Key Questions Answered

  • AI Self-Regulation Framework: David Sacks outlines five conditions for a viable AI SRO: broad representation including startups and open source, review limited to true frontier models only, focus exclusively on catastrophic risks like cyber and CBRN threats, voluntary operation before becoming mandatory, and functioning as a substitute for new government agencies rather than an additive layer. Without these guardrails, the SRO becomes an opening bid for deeper regulatory capture.
  • Regulatory Capture Playbook: Anthropic pursues a state-by-state strategy of incrementally tightening AI regulations rather than aligning around a single national framework, per a Politico investigation. Each new state adoption introduces stricter rules than the previous one, creating a ratchet effect. Anthropic also funds NGOs opposing data center construction, despite compute scarcity being the primary constraint on its own revenue growth.
  • Payments Consolidation Thesis: Stripe, Block, and private equity firm Advent are jointly bidding roughly $53-60B for PayPal, which peaked at $322B and now trades near $40B. The strategic logic: combining Stripe's 2T annual merchant volume, PayPal's 439M consumer accounts, Block's point-of-sale infrastructure, Cash App, Venmo, Braintree, and stablecoin assets creates a viable end-to-end competitor to Visa and Mastercard on proprietary rails.
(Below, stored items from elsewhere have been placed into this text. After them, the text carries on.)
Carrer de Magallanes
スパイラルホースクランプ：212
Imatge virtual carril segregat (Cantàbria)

  • AI Token Cost Arbitrage: Input token pricing varies by 100x across providers: Claude charges approximately $56 per million tokens, GPT-4 around $26, Grok roughly $1.50, and leading Chinese models near $0.50. Ramp data shows enterprise token spend grew 21x in one year, not 21%. CFOs lack visibility into this spend, creating earnings risk. Switching to lower-cost models for non-frontier tasks captures most of the savings with minimal quality loss.
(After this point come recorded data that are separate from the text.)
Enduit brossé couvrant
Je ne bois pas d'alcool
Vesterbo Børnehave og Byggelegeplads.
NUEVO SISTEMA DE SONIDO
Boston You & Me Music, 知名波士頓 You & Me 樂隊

  • Data Center Energy Crisis: The US faces an energy deficit equivalent to 2.5 times California's total consumption by 2050. PJM, the utility serving 13 states, needed 7-8 gigawatts in a recent capacity auction and received roughly 156 megawatts. Approximately 40% of planned data center projects are being cancelled or paused. New York's statewide hyperscale moratorium effectively creates a 5-year delay when accounting for permitting and construction ramp-up timelines.
  • Extracellular Matrix Age Reversal: Calico and Revel Pharma used AlphaFold combined with five rounds of directed protein evolution to engineer a novel enzyme that degrades CML, the primary advanced glycation end product accumulating between cells with age. Applied to donated skin from patients over 70, the enzyme eliminated 55% of CML, reverting tissue markers to those of a 31-year-old. Cosmetic topical application is the likely first commercial pathway.

Notable Moment

Sacks reveals he personally advised Demis Hassabis on the SRO proposal, outlining five specific conditions for it to avoid becoming a regulatory capture vehicle. He warns that without explicit preemption language written into law, the SRO will simply serve as Anthropic's opening bid toward an FAA-style permission-based regime requiring years-long model approval timelines.